Artikel 14 Niet in behandeling nemen van het verzoek

  • 1.

    Gedeputeerde Staten nemen het verzoek niet in behandeling indien de heffing, zoals bedoeld in artikel 10, tweede lid, niet is voldaan.Gedeputeerde Staten kunnen besluiten een verzoek niet in behandeling te nemen, als het niet overeenkomstig artikel 13 is ingediend en als zich gevallen genoemd in 4:5, eerste lid, onder a, b of c, Awb voordoen.

  • 2.

    Een besluit het verzoek niet in behandeling te nemen wordt aan de verzoeker schriftelijk medegedeeld binnen vier weken nadat het verzoek is aangevuld, of nadat de daarvoor gestelde termijn ongebruikt is verstreken.

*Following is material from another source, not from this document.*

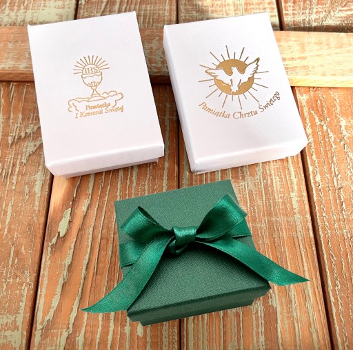 Po zakupie usługi dodatkowej do zamówienia zostanie dołączony zestaw opakowania premium: pudełko na biżuterię z indywidualną dedykacją oraz torebka prezentowa. Do wyboru pudełko z okazji Komunii Świętej, Chrztu Świętego oraz uniwersalne. Dedykacja drukowana jest na złotym, błyszczącym papierze, który jest zintegrowany z pokrywą pudełka. Aby zapobiec przypadkowemu otwieraniu się, zastosowaliśmy zamknięcie na magnes – proste i skuteczne rozwiązanie.
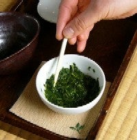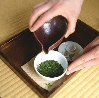 1.茶碗に玉露4g(茶さじ1杯)程度を山形にいれ、そこに45℃前後まで

Artikel 15 Vereenvoudigde behandeling van het verzoek

  • 1.

    Gedeputeerde Staten wijzen het verzoek zonder nader onderzoek af, indien het naar hun oordeel kennelijk ongegrond is. Een verzoek is onder meer kennelijk ongegrond indien:

    • a.

      het verzoek naar het oordeel van Gedeputeerde Staten steunt op de onrechtmatige uitoefening door de provincie Fryslân of door of namens haar bestuursorganen, aan het publiekrecht ontleende bevoegdheid of taak betreffende het in stand houden van, en zo nodig wijzigen van het stelsel van verkeers- en vervoersvoorzieningen;

    • b.

      naar het oordeel van Gedeputeerde Staten het causaal verband ontbreekt tussen de geclaimde schade en het door de provincie Fryslân of een van haar bestuursorganen genomen besluit of handelen.

    • c.

      naar het oordeel van Gedeputeerde Staten de vergoeding van de geclaimde schade anderszins is gewaarborgd;

    • d.

      naar het oordeel van Gedeputeerde Staten voldaan wordt aan artikel 4 van deze verordening;

    • e.

      naar het oordeel van Gedeputeerde Staten niet voldaan wordt aan artikel 5 van deze verordening;

  • 2.

    Een besluit om het verzoek wegens kennelijke ongegrondheid af te wijzen wordt schriftelijk medegedeeld binnen acht weken na ontvangst van het verzoek, dan wel binnen acht weken nadat de termijn ongebruikt is verstreken gedurende welke de verzoeker het verzoek kon aanvullen.

  • 3.

    Gedeputeerde Staten kunnen de in het vorige lid genoemde termijn eenmaal met ten hoogste zes weken verlengen. Gedeputeerde Staten stellen de verzoeker daarvan schriftelijk in kennis.

Artikel 16 Deskundige

  • 1.

    Indien geen toepassing wordt gegeven aan het bepaalde in artikel 14 eerste lid en artikel 15, eerste lid, dan benoemen Gedeputeerde Staten een onafhankelijke deskundige.

  • 2.

    De deskundige heeft tot taak Gedeputeerde Staten van advies te dienen over de op het verzoek te nemen beslissing.

  • 3.

    In complexe gevallen kunnen Gedeputeerde Staten meerdere deskundigen benoemen met een maximum van drie. Bij benoeming van meerdere deskundigen vormen deze samen een commissie. Gedeputeerde Staten wijzen de voorzitter van de commissie aan.

  • 4.

    De deskundige wordt benoemd binnen zes weken na het verstrijken van de termijn bedoeld in artikel 15, tweede lid, dan wel binnen zes weken na het verstrijken van de in artikel 15, derde lid, genoemde termijn.

  • 5.

    Gedeputeerde Staten stellen de verzoeker in kennis van hun voornemen om één of meerdere deskundigen te benoemen. De kennisgeving bevat de naam van de deskundige, zijn beroep en zijn vestigingsplaats. De verzoeker kan binnen twee weken na verzending van de kennisgeving bedenkingen uiten tegen de voorgenomen benoeming van de deskundige.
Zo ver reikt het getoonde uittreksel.